### Problem description
Please copy the records exactly as they appear, with all pictures left out.

━━━━━━━━━━━━━━━━━━━━━━━━━━━━━━

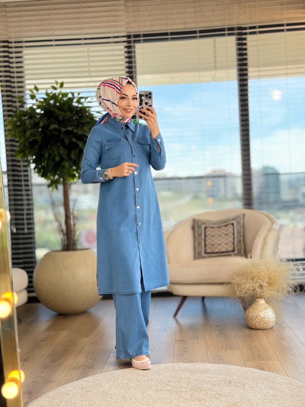2405 Kot Cep Kapağı Zımba Detaylı Tunik Mavi
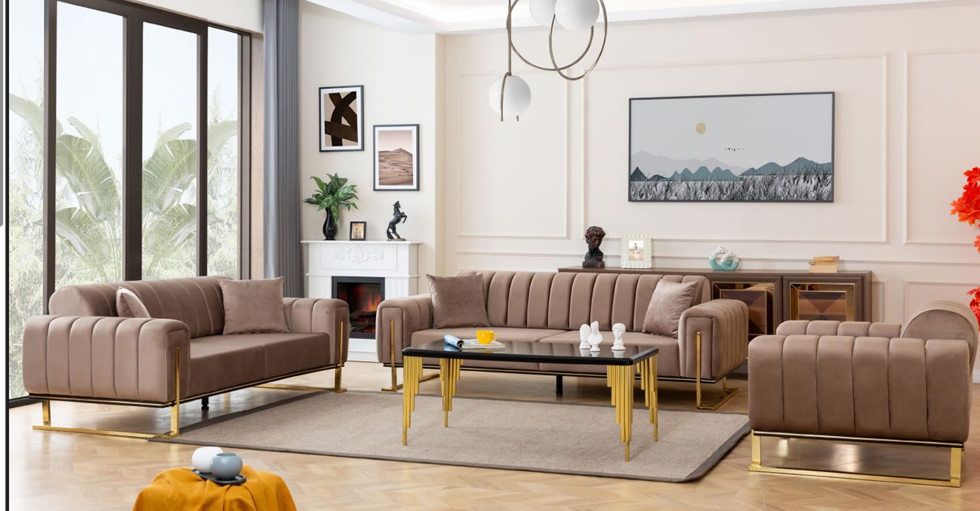 Ürün içeriği: 3 + 2 + 1 takımdan oluşmaktadır. | Ürün iskeleti: Gürgen, Kavak, Kontraplak dır. Kumaş Bilgisi: Yönsüz Kadife, Babyface, Keten, Nubuk vb. İsteğe bağlı kumaştan yapılabilir, fiyat farkı ödemesi yapılaraktan. Tüm renk seçenekleri mevcuttur. Sünger: 32 Dansity Soft sünger kullanılmıştır. | Sırttan yatırmalı yatak olma özelliğine sahiptir. Ayaklar: Metal
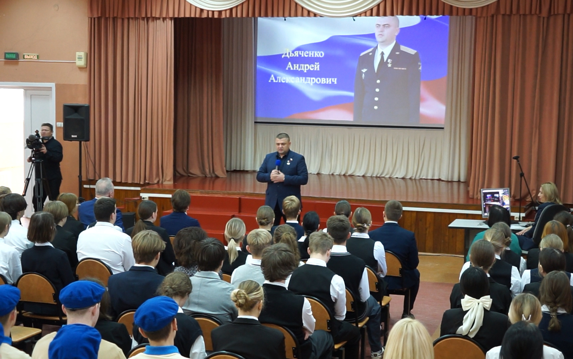 Андрей Дьяченко рассказал школьникам о своем жизненном пути — от детских мечтаний до службы военным летчиком. Он участвовал в боевых действиях в Сирии и в зоне проведения специальной военной операции, совершил более 50 боевых вылетов. В 2016 году указом президента РФ Владимира Путина был удостоен звания Героя России.
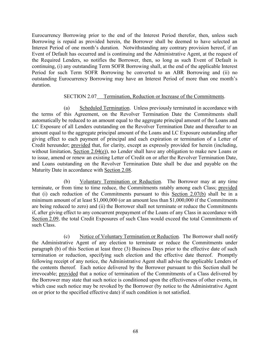 Eurocurrency Borrowing prior to the end of the Interest Period therefor, then, unless such Borrowing is repaid as provided herein, the Borrower shall be deemed to have selected an Interest Period of one month’s duration. Notwithstanding any contrary provision hereof, if an Event of Default has occurred and is continuing and the Administrative Agent, at the request of the Required Lenders, so notifies the Borrower, then, so long as such Event of Default is continuing, (i) any outstanding Term SOFR Borrowing shall, at the end of the applicable Interest Period for such Term SOFR Borrowing be converted to an ABR Borrowing and (ii) no outstanding Eurocurrency Borrowing may have an Interest Period of more than one month’s duration. SECTION 2.07 Termination, Reduction or Increase of the Commitments. (a) Scheduled Termination. Unless previously terminated in accordance with the terms of this Agreement, on the Revolver Termination Date the Commitments shall automatically be reduced to an amount equal to the aggregate principal amount of the Loans and LC Exposure of all Lenders outstanding on the Revolver Termination Date and thereafter to an amount equal to the aggregate principal amount of the Loans and LC Exposure outstanding after giving effect to each payment of principal and each expiration or termination of a Letter of Credit hereunder; provided that, for clarity, except as expressly provided for herein (including, without limitation, Section 2.04(e)), no Lender shall have any obligation to make new Loans or to issue, amend or renew an existing Letter of Credit on or after the Revolver Termination Date, and Loans outstanding on the Revolver Termination Date shall be due and payable on the Maturity Date in accordance with Section 2.08. (b) Voluntary Termination or Reduction. The Borrower may at any time terminate, or from time to time reduce, the Commitments ratably among each Class; provided that (i) each reduction of the Commitments pursuant to this Section 2.07(b) shall be in a minimum amount of at least $1,000,000 (or an amount less than $1,000,000 if the Commitments are being reduced to zero) and (ii) the Borrower shall not terminate or reduce the Commitments if, after giving effect to any concurrent prepayment of the Loans of any Class in accordance with Section 2.09, the total Credit Exposures of such Class would exceed the total Commitments of such Class. (c) Notice of Voluntary Termination or Reduction. The Borrower shall notify the Administrative Agent of any election to terminate or reduce the Commitments under paragraph (b) of this Section at least three (3) Business Days prior to the effective date of such termination or reduction, specifying such election and the effective date thereof. Promptly following receipt of any notice, the Administrative Agent shall advise the applicable Lenders of the contents thereof. Each notice delivered by the Borrower pursuant to this Section shall be irrevocable; provided that a notice of termination of the Commitments of a Class delivered by the Borrower may state that such notice is conditioned upon the effectiveness of other events, in which case such notice may be revoked by the Borrower (by notice to the Administrative Agent on or prior to the specified effective date) if such condition is not satisfied. 68
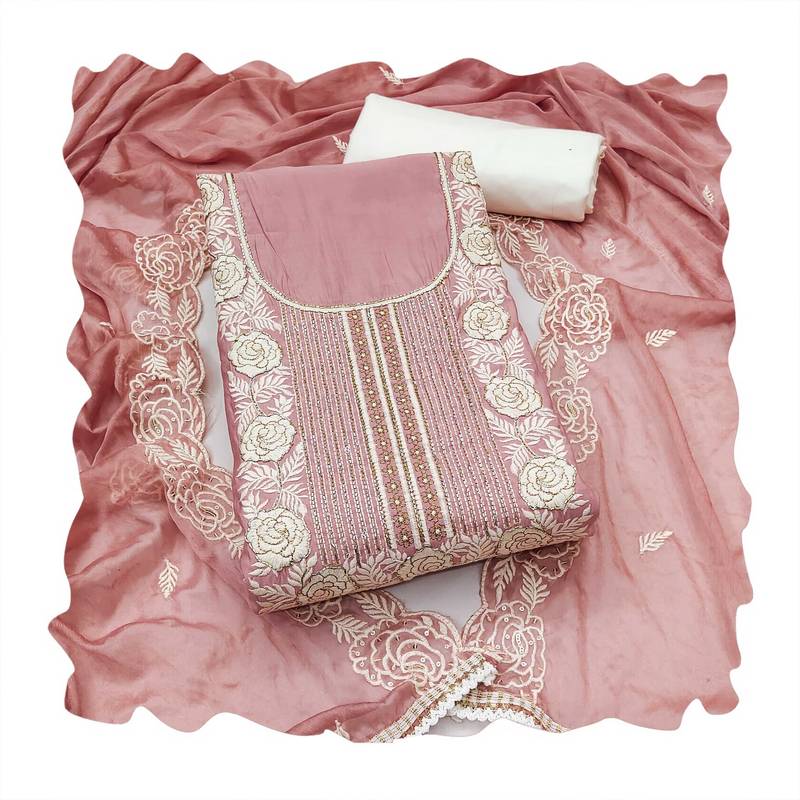 | Product Description | Exclusive Heavy Thread Handwork Embroidery And Fancy Border With Designer Embroidered Dupatta Straight Style 2.20 Mtr Unstitched Dress Material Top Of Pink Colour Premium Roman Cotton Fabric Also Including 2.40 Mtr Chudidar Style Bottom Piece Material Of White Colour Rayon Fabric With 2.10 Mtr Dupatta Of Pink Colour Nazneen Fabric By Shadow & Saining Brand |
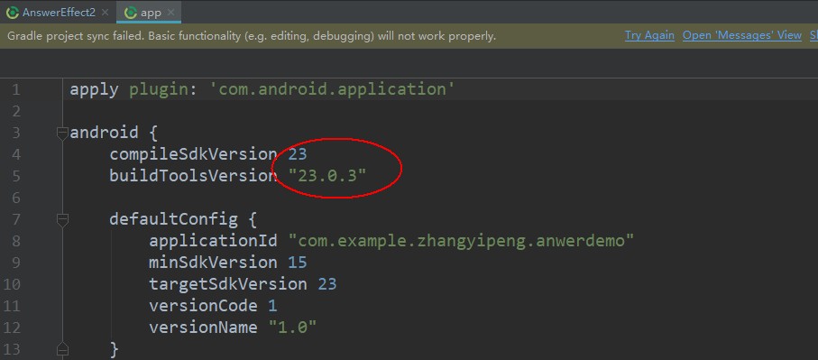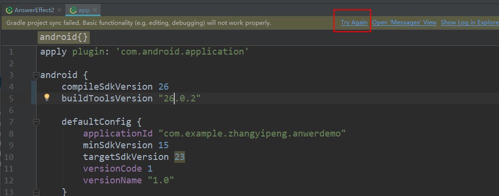 AndroidManifest不同于Gradle,有个try again,点击这个同步按钮即可
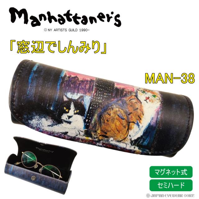 メガネケース ネコ Manhattaner’s (マンハッタナーズ) MAN-38 窓辺でしんみり 軽量 ボタンマグネット式 眼鏡 セミハードケース 猫 ねこ メガネ かわいい オシャレ カラフル めがね
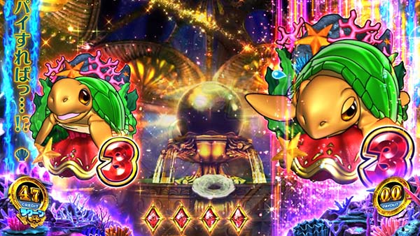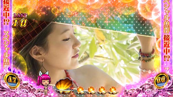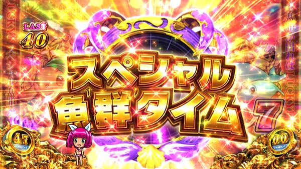 滞在中は小役成立でパール役モノが可動し、フラッシュすればスペシャル魚群タイムに昇格orボーナスとなる。昇格リプレイ成立時は目押し要らずで入賞するため、必ずスペシャル魚群タイムに移行する。
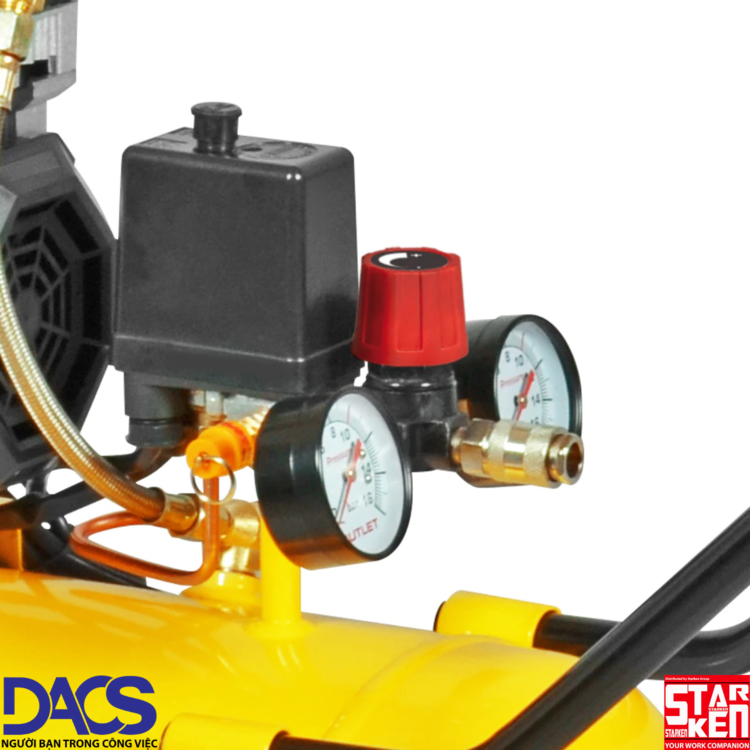 Máy nén khí không dầu 50L Stanley SXCMS1350HE được trang bị đồng hồ đo áp suất ở vị trí dễ nhìn và núm vặn điều chỉnh áp suất đầu ra thuận tiện cho người dùng.
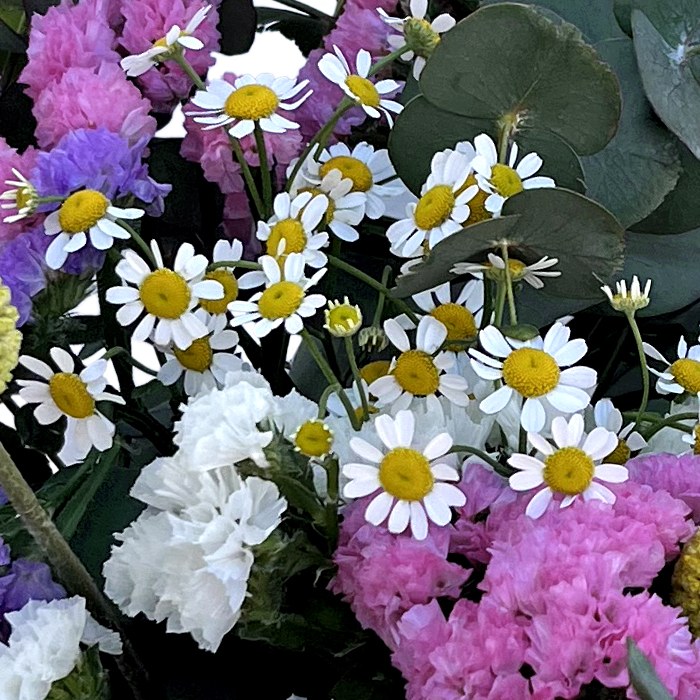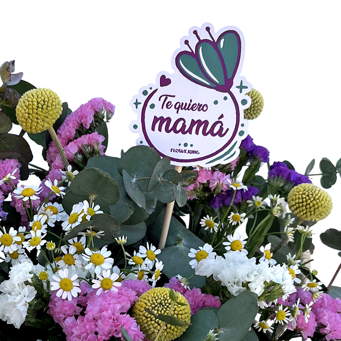 Bonita composición de flores silvestres compuestas por statice multicolor, eucalipto y craspedia, realizado en un bonito cesto de mimbre, perfecto para regalar el Día de la Madre. Incluye pick Te Quiero Mamá.
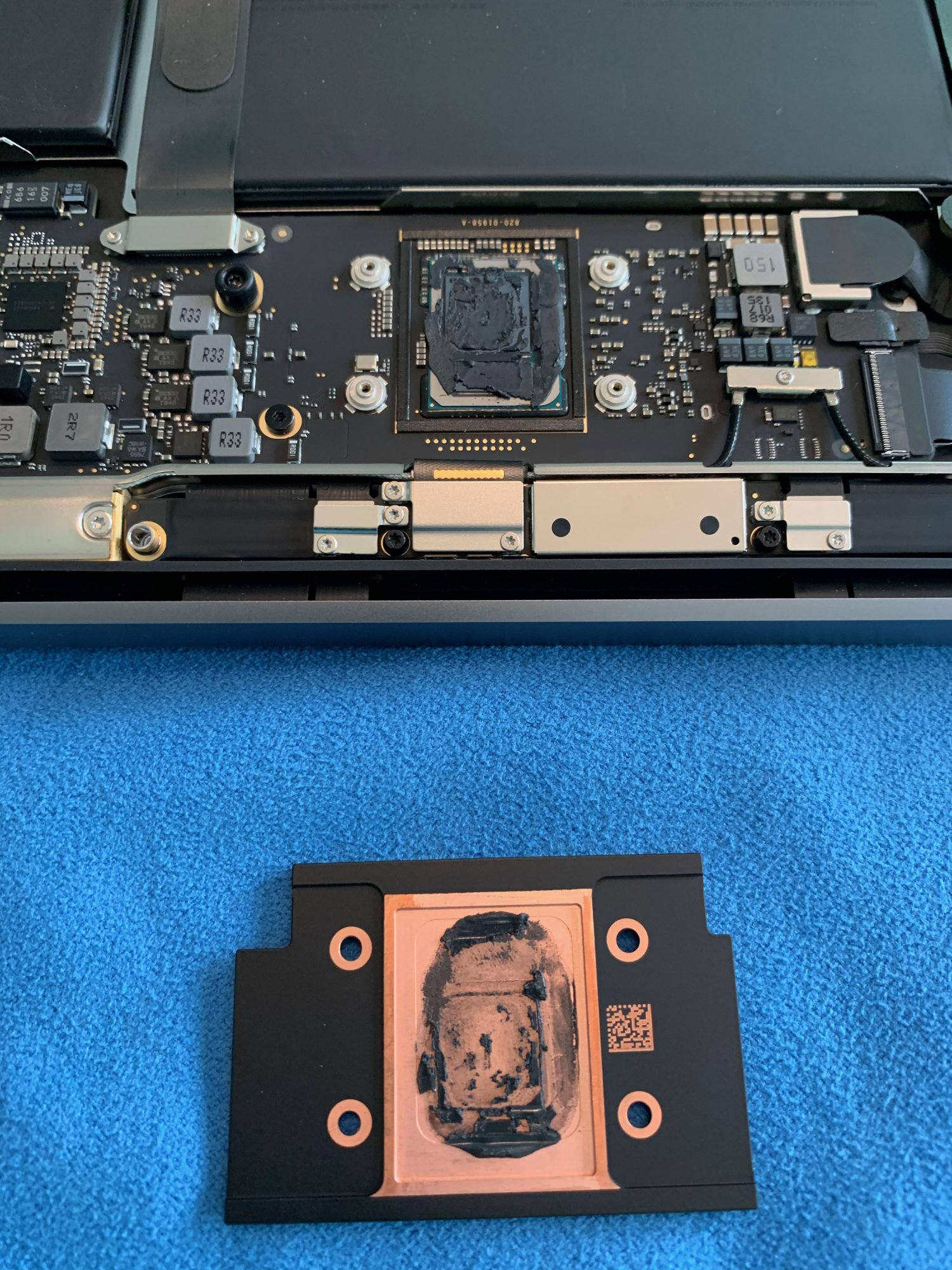 After I cleaned all the older paste and cleaned it with an approved alcohol cleaner on the inner heat sink and the CPU & GPU die, careful not to have excess liquid. I dampened my tips on a coffee filter.

━━━━━━━━━━━━━━━━━━━━━━━━━━━━━━

### Final answer
2405 Kot Cep Kapağı Zımba Detaylı Tunik Mavi
 Ürün içeriği: 3 + 2 + 1 takımdan oluşmaktadır. | Ürün iskeleti: Gürgen, Kavak, Kontraplak dır. Kumaş Bilgisi: Yönsüz Kadife, Babyface, Keten, Nubuk vb. İsteğe bağlı kumaştan yapılabilir, fiyat farkı ödemesi yapılaraktan. Tüm renk seçenekleri mevcuttur. Sünger: 32 Dansity Soft sünger kullanılmıştır. | Sırttan yatırmalı yatak olma özelliğine sahiptir. Ayaklar: Metal
 Андрей Дьяченко рассказал школьникам о своем жизненном пути — от детских мечтаний до службы военным летчиком. Он участвовал в боевых действиях в Сирии и в зоне проведения специальной военной операции, совершил более 50 боевых вылетов. В 2016 году указом президента РФ Владимира Путина был удостоен звания Героя России.
 Eurocurrency Borrowing prior to the end of the Interest Period therefor, then, unless such Borrowing is repaid as provided herein, the Borrower shall be deemed to have selected an Interest Period of one month’s duration. Notwithstanding any contrary provision hereof, if an Event of Default has occurred and is continuing and the Administrative Agent, at the request of the Required Lenders, so notifies the Borrower, then, so long as such Event of Default is continuing, (i) any outstanding Term SOFR Borrowing shall, at the end of the applicable Interest Period for such Term SOFR Borrowing be converted to an ABR Borrowing and (ii) no outstanding Eurocurrency Borrowing may have an Interest Period of more than one month’s duration. SECTION 2.07 Termination, Reduction or Increase of the Commitments. (a) Scheduled Termination. Unless previously terminated in accordance with the terms of this Agreement, on the Revolver Termination Date the Commitments shall automatically be reduced to an amount equal to the aggregate principal amount of the Loans and LC Exposure of all Lenders outstanding on the Revolver Termination Date and thereafter to an amount equal to the aggregate principal amount of the Loans and LC Exposure outstanding after giving effect to each payment of principal and each expiration or termination of a Letter of Credit hereunder; provided that, for clarity, except as expressly provided for herein (including, without limitation, Section 2.04(e)), no Lender shall have any obligation to make new Loans or to issue, amend or renew an existing Letter of Credit on or after the Revolver Termination Date, and Loans outstanding on the Revolver Termination Date shall be due and payable on the Maturity Date in accordance with Section 2.08. (b) Voluntary Termination or Reduction. The Borrower may at any time terminate, or from time to time reduce, the Commitments ratably among each Class; provided that (i) each reduction of the Commitments pursuant to this Section 2.07(b) shall be in a minimum amount of at least $1,000,000 (or an amount less than $1,000,000 if the Commitments are being reduced to zero) and (ii) the Borrower shall not terminate or reduce the Commitments if, after giving effect to any concurrent prepayment of the Loans of any Class in accordance with Section 2.09, the total Credit Exposures of such Class would exceed the total Commitments of such Class. (c) Notice of Voluntary Termination or Reduction. The Borrower shall notify the Administrative Agent of any election to terminate or reduce the Commitments under paragraph (b) of this Section at least three (3) Business Days prior to the effective date of such termination or reduction, specifying such election and the effective date thereof. Promptly following receipt of any notice, the Administrative Agent shall advise the applicable Lenders of the contents thereof. Each notice delivered by the Borrower pursuant to this Section shall be irrevocable; provided that a notice of termination of the Commitments of a Class delivered by the Borrower may state that such notice is conditioned upon the effectiveness of other events, in which case such notice may be revoked by the Borrower (by notice to the Administrative Agent on or prior to the specified effective date) if such condition is not satisfied. 68
 | Product Description | Exclusive Heavy Thread Handwork Embroidery And Fancy Border With Designer Embroidered Dupatta Straight Style 2.20 Mtr Unstitched Dress Material Top Of Pink Colour Premium Roman Cotton Fabric Also Including 2.40 Mtr Chudidar Style Bottom Piece Material Of White Colour Rayon Fabric With 2.10 Mtr Dupatta Of Pink Colour Nazneen Fabric By Shadow & Saining Brand |
 AndroidManifest不同于Gradle,有个try again,点击这个同步按钮即可
 メガネケース ネコ Manhattaner’s (マンハッタナーズ) MAN-38 窓辺でしんみり 軽量 ボタンマグネット式 眼鏡 セミハードケース 猫 ねこ メガネ かわいい オシャレ カラフル めがね
 滞在中は小役成立でパール役モノが可動し、フラッシュすればスペシャル魚群タイムに昇格orボーナスとなる。昇格リプレイ成立時は目押し要らずで入賞するため、必ずスペシャル魚群タイムに移行する。
 Máy nén khí không dầu 50L Stanley SXCMS1350HE được trang bị đồng hồ đo áp suất ở vị trí dễ nhìn và núm vặn điều chỉnh áp suất đầu ra thuận tiện cho người dùng.
 Bonita composición de flores silvestres compuestas por statice multicolor, eucalipto y craspedia, realizado en un bonito cesto de mimbre, perfecto para regalar el Día de la Madre. Incluye pick Te Quiero Mamá.
 After I cleaned all the older paste and cleaned it with an approved alcohol cleaner on the inner heat sink and the CPU & GPU die, careful not to have excess liquid. I dampened my tips on a coffee filter.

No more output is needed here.